By definition managing “big” development projects usually translates into “big” teams with “big” capital investments. Contemporary analysis of traditional IT projects indicates these big projects also have a high degree of failure risk. Many leaders believe having extensive reporting and oversight will ensure timely completion and reduce risk. However in meetings and reviews, confidence in outcomes is always debated and we tend to manage to worst case. I think it’s easy to look at the continuous software delivery of large social media companies and think the same can be achieved at a large enterprise. One big difference relies on the mission criticality of enterprise applications, especially in healthcare. Sometimes software development suffers from Parkinson’s Law, which is the adage that “work expands so as to fill the time available for its completion.” It’s best to attack Big with Small as in Small Teams. Project resourcing is non-linear - by doubling resources, you don’t double output. Large teams have inherent management overhead just to keep them going and it’s better to parse out the work. You have to delegate authority to your program leads. We have a concept of “staying on the reservation.” If you let your leaders know their decision-making levels, then they can confidently make decisions without wandering off the reservation. The voice of the customer has become a new buzzword in agile development recently. Augmenting development with customer feedback in real time using best practices from market research will result in better products from the get go.
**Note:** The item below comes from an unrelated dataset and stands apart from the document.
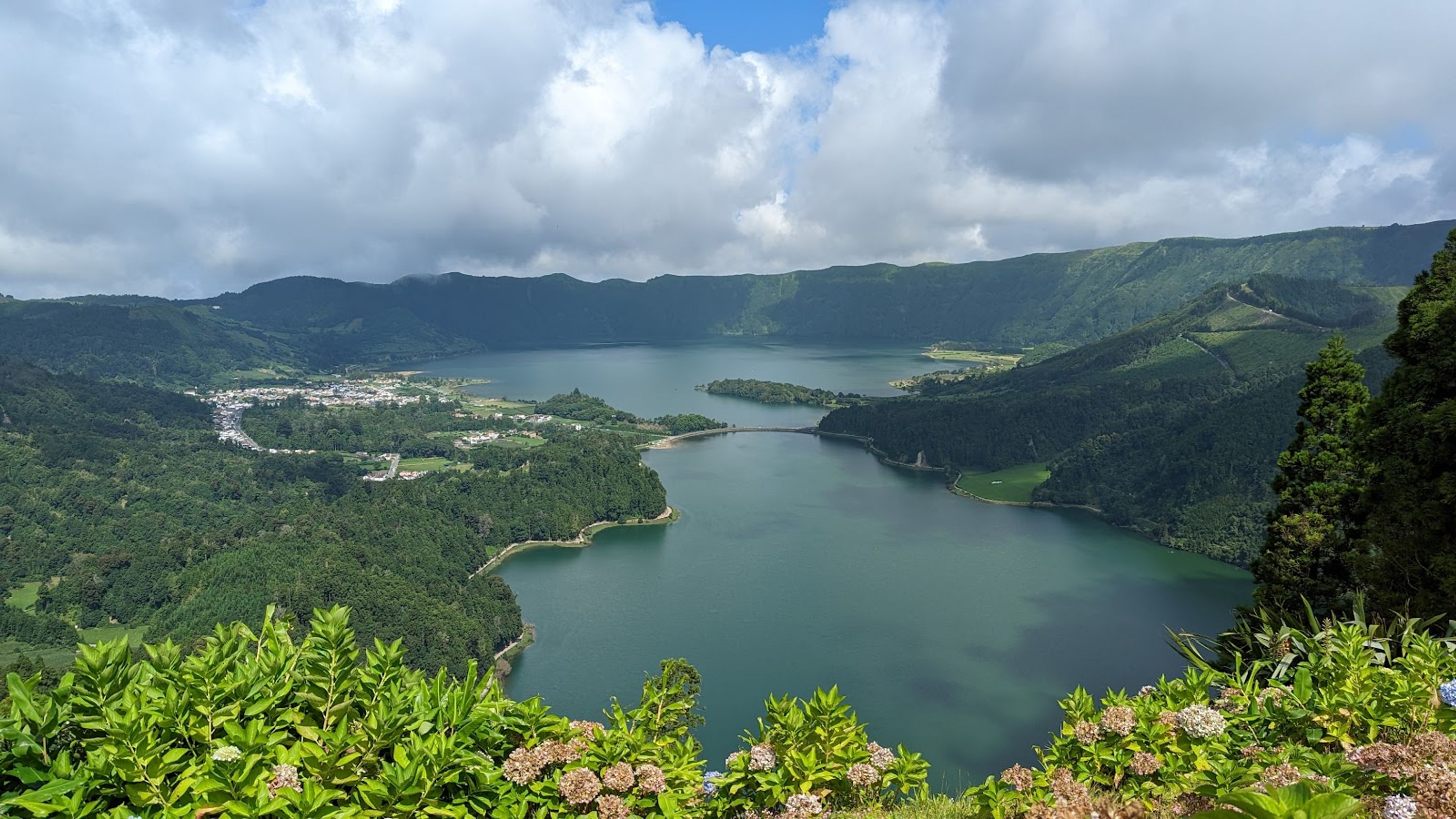 El mirador Vista do Rei se asoma sobre dos lagos en un cráter volcánico, uno con aguas verdes y otro con aguas azules.

Design is so much more than just gathering requirements - design is everything! Utilizing DevOps and related technology tools will speed up delivery and support of the complete solution and you can move from a minimum viable product to a minimum marketable product more quickly. As teams learn, work and grow together, mutual trust will develop and competency will increase. Only through trust will team members feel secure enough in their role to be transparent with their abilities and ask for help early on before their work goes off track. A smaller team at a smaller table is a better place to work out those types of development challenges.